### Exercise details
Reproduce the data below exactly as written. Pictures do not belong in the copy.

### Dataset extract
[Start of Attachment]

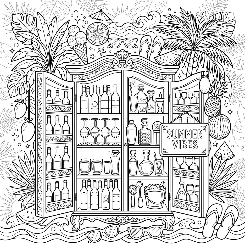 Dive into summer relaxation with this intricate coloring page depicting a lavish wine and bar cabinet ready for warm-weather entertaining. Surrounded by delightful tropical motifs, it's the perfect escape for coloring enthusiasts.
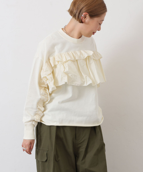 【2025AW】 journal standard luxe ◆再リク多数!異素材がポイント!タフタフリルプルオーバー 前身頃~袖まで一直線になったギャザーフリルがポイントのクルーネックプルオーバー。 ソフトで軽いコットン100%のミニ裏毛に、メモリータフタのフリルがついた異素材コンビがポイント。 裾は断ち切りのオーバーロック始末で軽く仕上げています。 ブラック、オフホワイト、ネイビー 全3色。FREEサイズ ※取り扱いについては、商品についている品質表示でご確認ください。 ※照明の関係により、実際よりも色味が違って見える場合があります。 またパソコン・スマートフォンなどの環境により、若干製品と画像のカラーが異なる場合もございます。 ※商品の色味は、商品アップ画像をご参照ください。 本体:手洗い可能
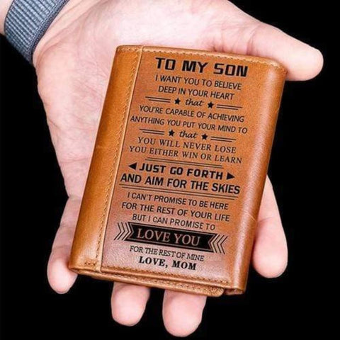 🎁If you've been searching for the perfect gift for your Son/Grandson, these NEW Laser Engraved leather wallets are just what you've been looking for! 💖 It is durable and practical but also is able to convey the meaning of your love. This wallet will surely melt his heart.
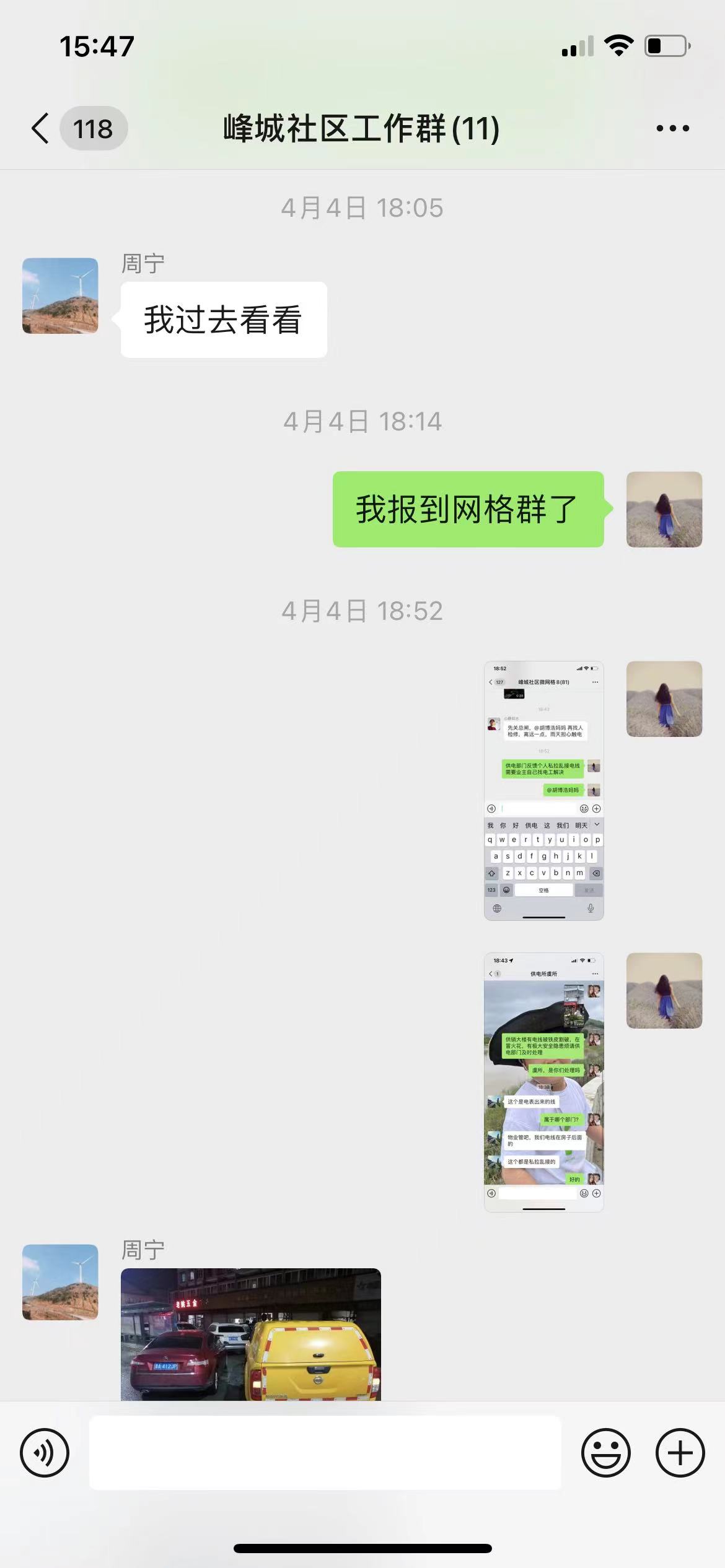 峰城社区微网格群在辖区形成了上情下达、互动互通的群众微信网络,用“红马甲速度”,立足“微网格”、融入“小服务”、发挥“大作用”。峰城社区网格长表示:面对微网格群内居民的诉求、建议、线索,我们能够快速回应,居民们对我们的工作也越来越满意,下步峰城社区将持续推进“微网格”建设,做细做实基层网格,进一步疏通基层治理“微循环”,真正将网格微信群打造成为最大限度引导居民积极参与社区共建、共治、共享的有效载体。

[End of Attachment]

### Answer section
 Dive into summer relaxation with this intricate coloring page depicting a lavish wine and bar cabinet ready for warm-weather entertaining. Surrounded by delightful tropical motifs, it's the perfect escape for coloring enthusiasts.
 【2025AW】 journal standard luxe ◆再リク多数!異素材がポイント!タフタフリルプルオーバー 前身頃~袖まで一直線になったギャザーフリルがポイントのクルーネックプルオーバー。 ソフトで軽いコットン100%のミニ裏毛に、メモリータフタのフリルがついた異素材コンビがポイント。 裾は断ち切りのオーバーロック始末で軽く仕上げています。 ブラック、オフホワイト、ネイビー 全3色。FREEサイズ ※取り扱いについては、商品についている品質表示でご確認ください。 ※照明の関係により、実際よりも色味が違って見える場合があります。 またパソコン・スマートフォンなどの環境により、若干製品と画像のカラーが異なる場合もございます。 ※商品の色味は、商品アップ画像をご参照ください。 本体:手洗い可能
 🎁If you've been searching for the perfect gift for your Son/Grandson, these NEW Laser Engraved leather wallets are just what you've been looking for! 💖 It is durable and practical but also is able to convey the meaning of your love. This wallet will surely melt his heart.
 峰城社区微网格群在辖区形成了上情下达、互动互通的群众微信网络,用“红马甲速度”,立足“微网格”、融入“小服务”、发挥“大作用”。峰城社区网格长表示:面对微网格群内居民的诉求、建议、线索,我们能够快速回应,居民们对我们的工作也越来越满意,下步峰城社区将持续推进“微网格”建设,做细做实基层网格,进一步疏通基层治理“微循环”,真正将网格微信群打造成为最大限度引导居民积极参与社区共建、共治、共享的有效载体。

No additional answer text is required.